26. Jahrgang | Nummer 20 | 25. September 2023

„L’État, c’est moi – der Staat bin ich“?!

von Hans-Peter Götz

Während der langen, rund 54 Jahre dauernden

Herrschaft Louis’ XIV. war Frankreich

in rund 33 Jahren in Kriegen engagiert […].

Auslöser all dieser Konflikte waren

ausnahmslos französische Angriffe […].

 

Johannes Willms

 

Louis XIV., der vor allem ob seiner pathologischen Prunksucht sogenannte Sonnenkönig aus dem Hause Bourbon, erfand den Absolutismus als Herrschaftsform, um sich den französischen Hochadel einerseits vom Halse, zugleich jedoch allzeit unter Kontrolle zu halten. Der hatte seinerseits in Gestalt der Fronde unter Führern aus den Häusern Condé und Conti zweimal versucht, den jungen König an die Kandare zu nehmen. Louis XIV. obsiegte, doch wollte es die Ironie des Schicksals, dass 1714, nach über 50-jähriger Regentschaft, ausgerechnet Vertreter der Häuser Condé und Conti, konkret der Enkelgeneration der Frondeure, im dynastisch geregelten Ranking der potenziellen Thronfolger soweit nach oben gelangt waren, dass reale Chancen auf die Krone bestanden. Louis XIV. löste das Problem einmal mehr auf absolutistische Weise – durch einen „Akt monarchischer Willkür“: Er proklamierte zwei seiner nicht erbberechtigten Söhne, die Mutter war Madame de Montespan, eine langjährige Mätresse des Königs, zu „Prinzen königlichen Bluts“. Was diese in der Phalanx der potenziellen Thronanwärter vor die Condé und Conti katapultierte – wie der im vergangenen Jahr verstorbene Johannes Willms in seiner jetzt postum erschienenen über 500-seitigen Biographie minutiös nachgezeichnet hat.

Louis XIV. war bereits sieben Jahre Inhaber der Königswürde, bevor er 1661, nach dem Tode seines Mentors und de facto Vormundes, des Kardinals Mazarin, das Heft des Handelns als Staatsoberhaupt selbst in die Hand nahm und sogleich verkündete: „La face de théâtre change – es wird ein anderes Stück gespielt.“ Worin sich der Unterschied manifestierte – Mazarin hatte außenpolitisch offene Diplomatie und geheimdiplomatisches Finassieren bevorzugt, um Frankreichs Interessen zu wahren –, ließ sich 30 Jahre später, 1691, einem zeitgenössischen Pamphlet („Les Souprirs de la France esclave – Die Seufzer des versklavten Frankreichs“) entnehmen: „Wir galten einst als eine honette, humane und zivilisierte Nation, deren Wesen das Gegenteil von dem der Barbaren sei.
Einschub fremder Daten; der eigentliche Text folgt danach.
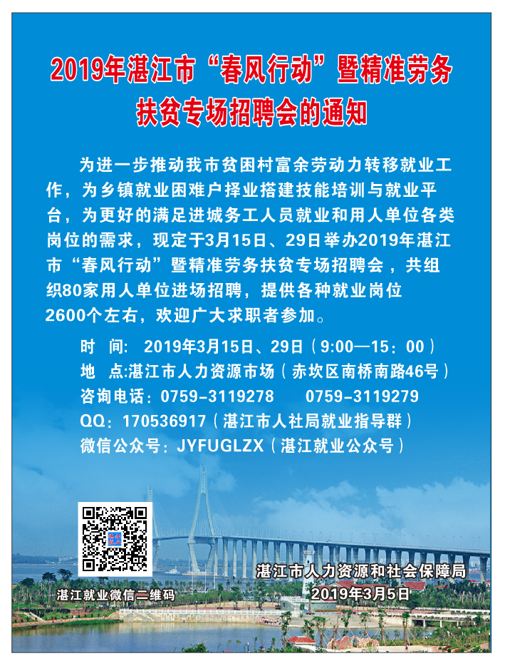 2019年湛江市“春風行動”暨精準勞務(wù)扶貧專場招聘會的通知
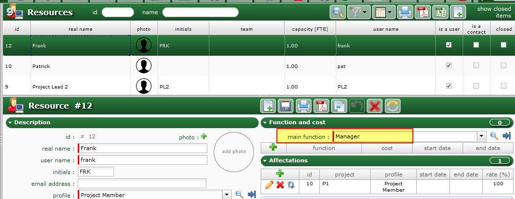 If a resource is created via the 'User ' menu, with 'is a resource' checked, there is no "main function" selected by default.
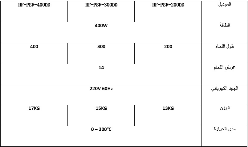 - الموديل HF-PSF-300DD: قدرة 300 واط، طول لحام 300 ملم، وزن 15 كيلوجرام.
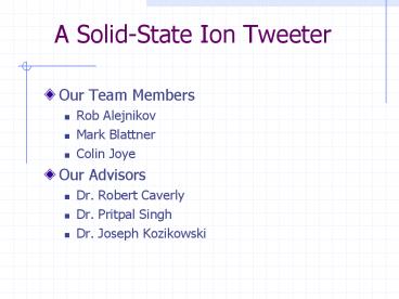 A SolidState Ion Tweeter PowerPoint PPT Presentation
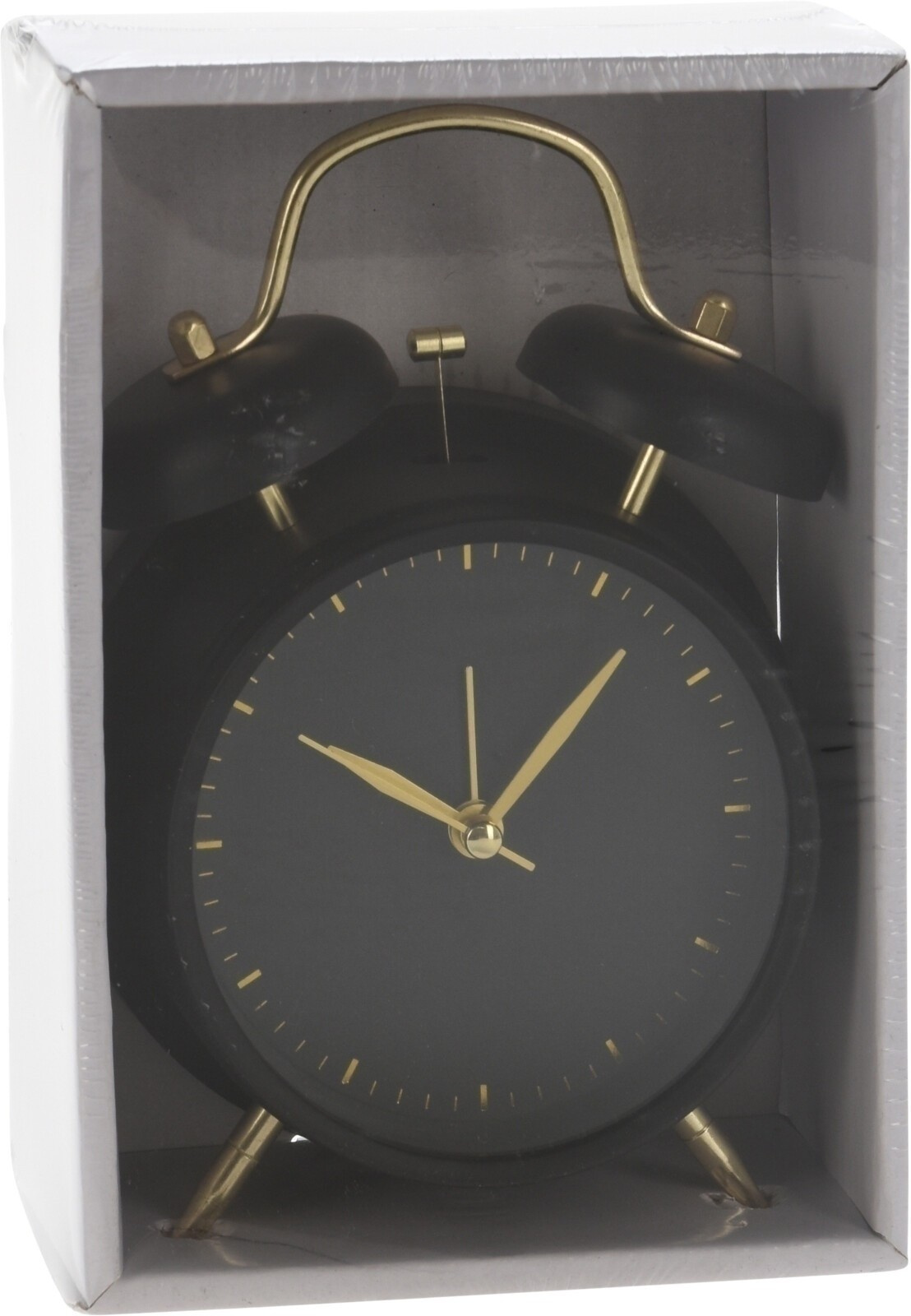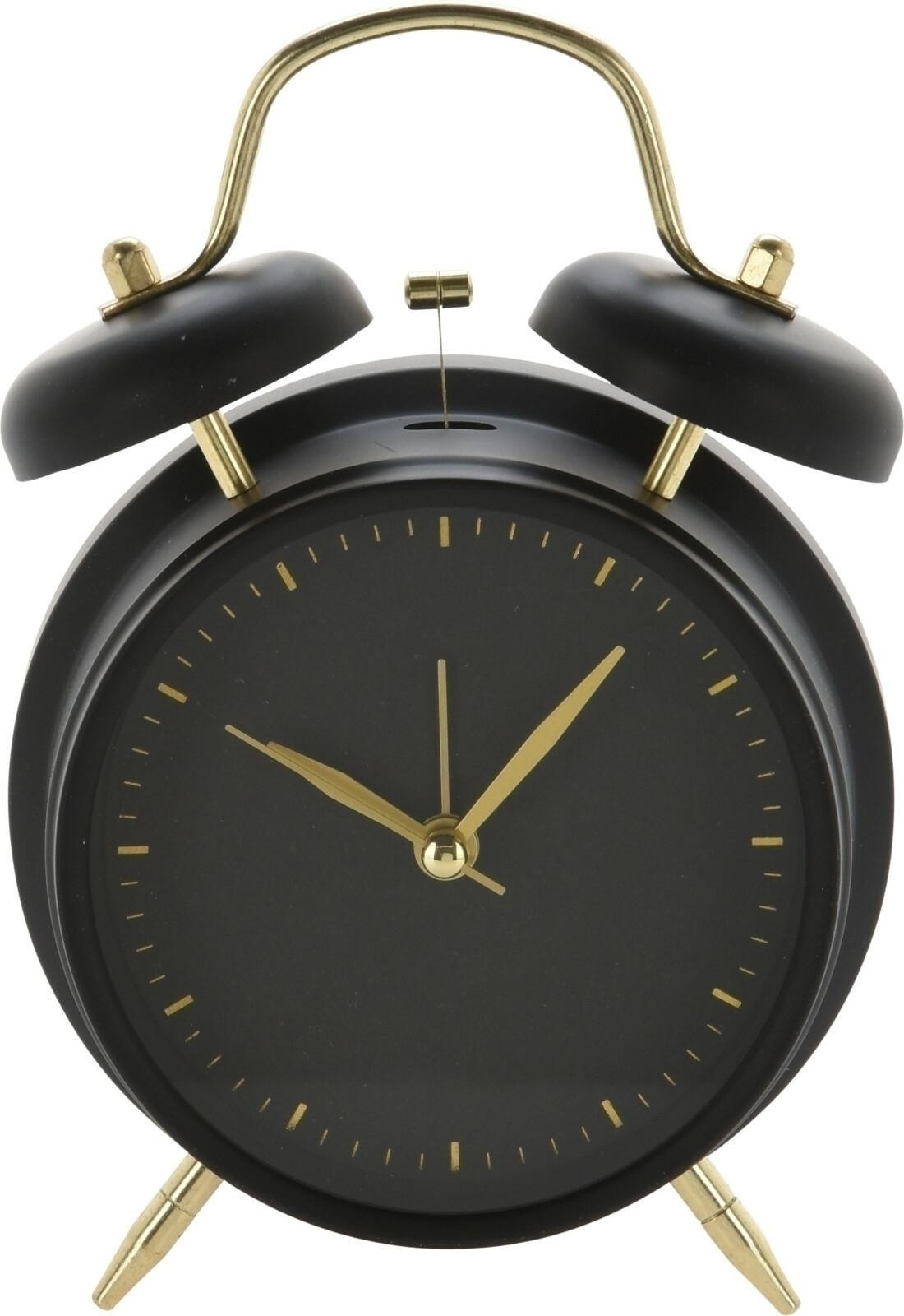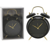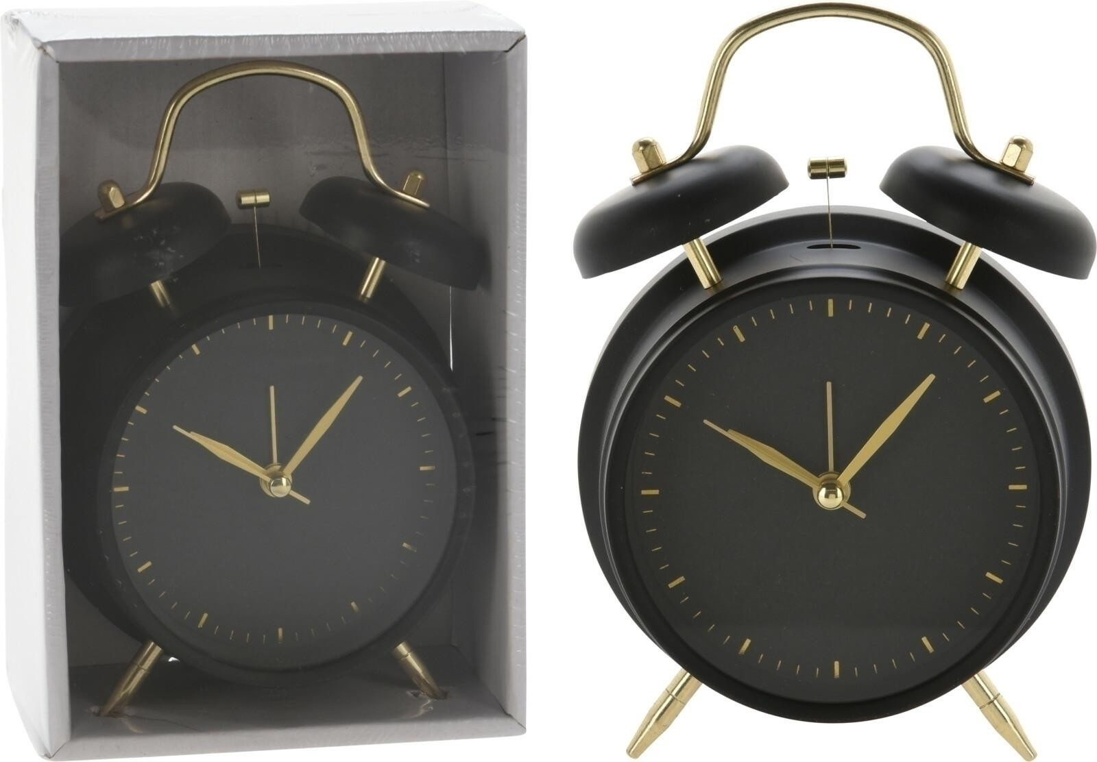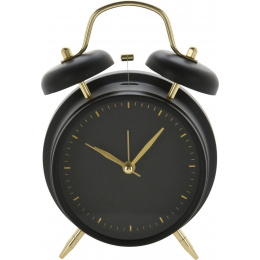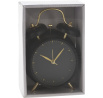 Hodiny - budík ve vintage stylu jsou určitě dekorací hodnou stylové ložnice nebo obývacího pokoje. Budík byl vyroben z kovu. Jeho černý ciferník, pouzdro a černé zvonky doplňují zlaté nožky a ručičky. Budík má výrazný ciferník, jeho ručičky také zajímavě kontrastují s černým číselníkem. Budík má sekundovou ručičku a další ručičku, díky které můžeme nastavit čas buzení. Rozměry kartonu: 13x6,2x18 cm.

Heute ist im Verständnis der Nachbarn ein Franzose und ein Kannibale ein und dasselbe.“

Dieser denkwürdige Abstieg im Hinblick auf die Reputation Frankreichs bei seinen Nachbarn verdankte sich allerdings nicht einfach einem König, der jahrzehntelang immer wieder Kriege führte, in denen Frankreich durchweg der Angreifer war. Um Ruhm und Ehre zu gewinnen, um die bis dato spanische Vorherrschaft in Europa durch eine französische zu ersetzen, um sein Land zu vergrößern oder um unbotmäßige Nachbarn sowie fernere Feinde abzustrafen. All dies war gängiger Usus der Potentaten jener Zeit: „[…] Krieg zu führen galt […] als eine ehrenvolle, ja royale Tätigkeit.“ Den Ruf Frankreichs auf Generationen ruiniert hat Louis XIV. vielmehr durch die barbarische Art und Weise seiner Kriegsführung, die er im Laufe der Zeit entwickelte und intensivierte und für die sehr viel später die Metapher „verbrannte Erde“ gebräuchlich wurde. Dazu gehörte, ganze „Landstriche systematisch auszubrennen“, damit Gegner sich dort nicht festsetzen und ihre Truppen versorgen konnten, und Städte nach ihrer Eroberung weitgehend zu zerstören, wie Heidelberg, das französisches Militär in vier Jahren gleich dreimal heimsuchte. Mannheim wurde „vollständig dem Erdboden gleichgemacht“. Genua wurde mit „bislang beispielloser Brutalität“ beschossen, sodass „zwei Drittel […] danach in Trümmern lagen“, und zwar „um die Wirksamkeit einer neuen Waffe zu erproben“; der „waffentechnische Clou“ dieser Mörser bestand darin, dass damit „wahlweise Brand- und Sprengbomben verschossen werden konnten, deren Zerstörungspotenzial um ein Vielfaches das der herkömmlichen Stein- oder Eisenkugeln übertraf“. „Das andere große Beispiel für die militärisch sinnlose Vernichtung einer blühenden Stadt bot der systematische Beschuss von Brüssel Mitte August 1695, mit dem durch Brandbomben der gesamte alte Stadtkern der Metropole in Schutt und Asche gelegt wurde.“

Auch die Innenpolitik Louis XIV. war von ähnlicher Rigorosität: „Komplementär zur äußeren Machterweiterung“, so Willms, wurde die „Beseitigung des französischen Protestantismus […] mit unnachsichtiger Brutalität betrieben […].“ 1598 war es Heinrich IV., dem ersten Bourbonenkönig und Großvater Louis‘ XIV., mit dem Edikt von Nantes, das den Hugenotten freie Religionsausübung zugestand, gelungen, das von religiösen Bürgerkriegszuständen geplagte Land ruhigzustellen. Doch ab 1661 ließ Louis XIV. systematisch antiprotestantische Repressionen in Gang setzten und rechtlich fixieren. Schon 1680 war dadurch die Hälfte der protestantischen Gotteshäuser in Frankreich wieder geschlossen. So wurde das Edikt von Nantes sukzessive seiner Substanz beraubt und schließlich 1685 durch das Edikt von Fotainebleau auch offiziell aufgehoben. Die Massenbekehrung der Ketzer wurde währenddessen mit staatlich verordnetem Zwang vollzogen und ging mit pogromartigen Ausschreitungen einher. Bis 1715 verließen „trotz aller Strafandrohungen und Verbote […] vermutlich […] rund 200.000 Hugenotten“ ihre Heimat.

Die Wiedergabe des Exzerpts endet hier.